• SUPPLIED INFORMATION:
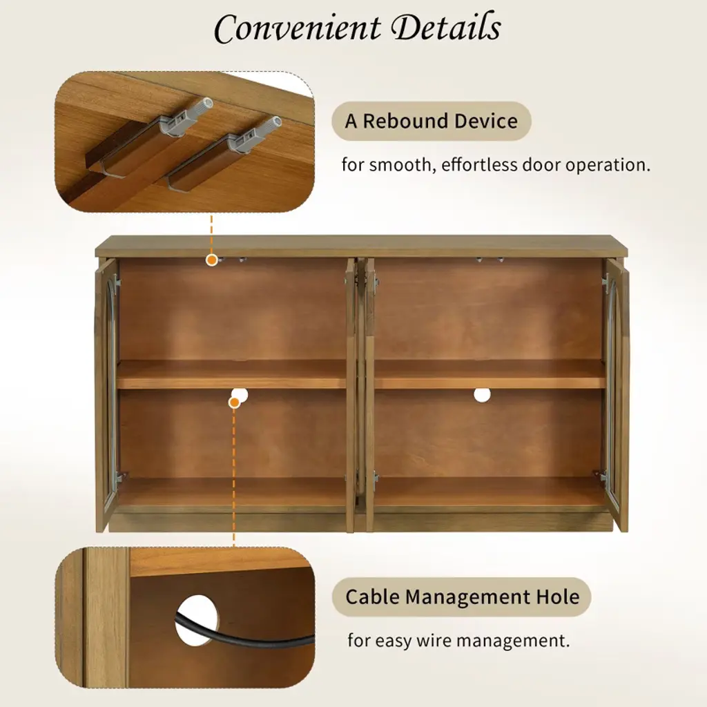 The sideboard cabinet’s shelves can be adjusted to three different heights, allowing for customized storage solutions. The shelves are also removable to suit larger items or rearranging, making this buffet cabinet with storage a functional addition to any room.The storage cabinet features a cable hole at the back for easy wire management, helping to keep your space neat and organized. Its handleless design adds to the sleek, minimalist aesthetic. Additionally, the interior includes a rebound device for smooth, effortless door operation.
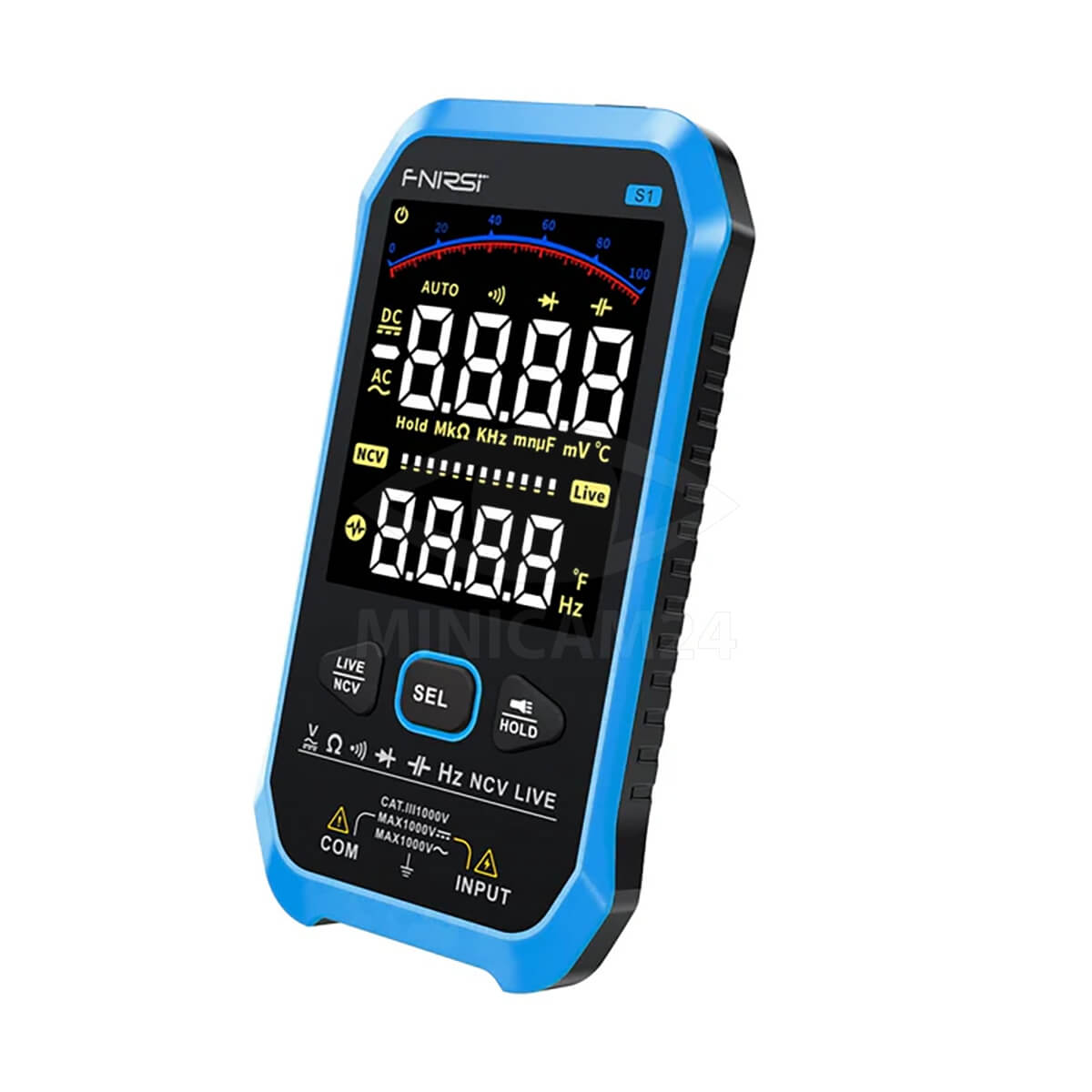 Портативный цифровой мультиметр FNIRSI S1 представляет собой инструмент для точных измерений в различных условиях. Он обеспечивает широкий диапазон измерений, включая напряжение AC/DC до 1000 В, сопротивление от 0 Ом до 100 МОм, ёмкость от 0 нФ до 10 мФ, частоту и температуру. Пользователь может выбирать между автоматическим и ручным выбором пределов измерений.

* * *

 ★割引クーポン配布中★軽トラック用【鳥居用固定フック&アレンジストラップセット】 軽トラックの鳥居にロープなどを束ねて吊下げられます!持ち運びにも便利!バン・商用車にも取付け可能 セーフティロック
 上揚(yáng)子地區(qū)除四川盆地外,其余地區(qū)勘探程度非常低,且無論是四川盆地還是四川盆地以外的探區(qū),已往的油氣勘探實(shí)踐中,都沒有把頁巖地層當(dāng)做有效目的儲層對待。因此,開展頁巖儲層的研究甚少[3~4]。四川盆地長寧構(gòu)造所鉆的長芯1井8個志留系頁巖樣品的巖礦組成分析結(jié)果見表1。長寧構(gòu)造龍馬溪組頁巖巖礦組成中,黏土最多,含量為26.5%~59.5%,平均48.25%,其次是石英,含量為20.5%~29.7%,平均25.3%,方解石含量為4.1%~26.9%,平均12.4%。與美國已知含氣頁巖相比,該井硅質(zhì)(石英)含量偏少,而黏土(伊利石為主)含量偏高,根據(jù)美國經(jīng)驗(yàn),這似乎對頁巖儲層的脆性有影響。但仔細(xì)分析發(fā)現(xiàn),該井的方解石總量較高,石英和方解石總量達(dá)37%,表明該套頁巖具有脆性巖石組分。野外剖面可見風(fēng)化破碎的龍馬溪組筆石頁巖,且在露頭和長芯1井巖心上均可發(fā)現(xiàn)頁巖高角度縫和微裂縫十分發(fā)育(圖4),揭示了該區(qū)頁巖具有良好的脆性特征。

...

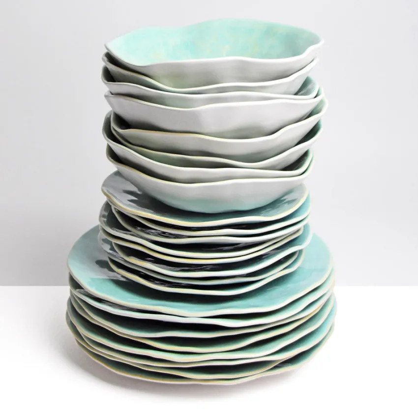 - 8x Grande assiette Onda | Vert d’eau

• REQUIRED WORK:
Set the pictures aside and transcribe exactly the stretch of lines above, beginning with the one holding "The sideboard cabinet’s" and ending with the one holding "Портативный цифровой мультиметр".

• OUTPUT OF THE EXERCISE:
 The sideboard cabinet’s shelves can be adjusted to three different heights, allowing for customized storage solutions. The shelves are also removable to suit larger items or rearranging, making this buffet cabinet with storage a functional addition to any room.The storage cabinet features a cable hole at the back for easy wire management, helping to keep your space neat and organized. Its handleless design adds to the sleek, minimalist aesthetic. Additionally, the interior includes a rebound device for smooth, effortless door operation.
 Портативный цифровой мультиметр FNIRSI S1 представляет собой инструмент для точных измерений в различных условиях. Он обеспечивает широкий диапазон измерений, включая напряжение AC/DC до 1000 В, сопротивление от 0 Ом до 100 МОм, ёмкость от 0 нФ до 10 мФ, частоту и температуру. Пользователь может выбирать между автоматическим и ручным выбором пределов измерений.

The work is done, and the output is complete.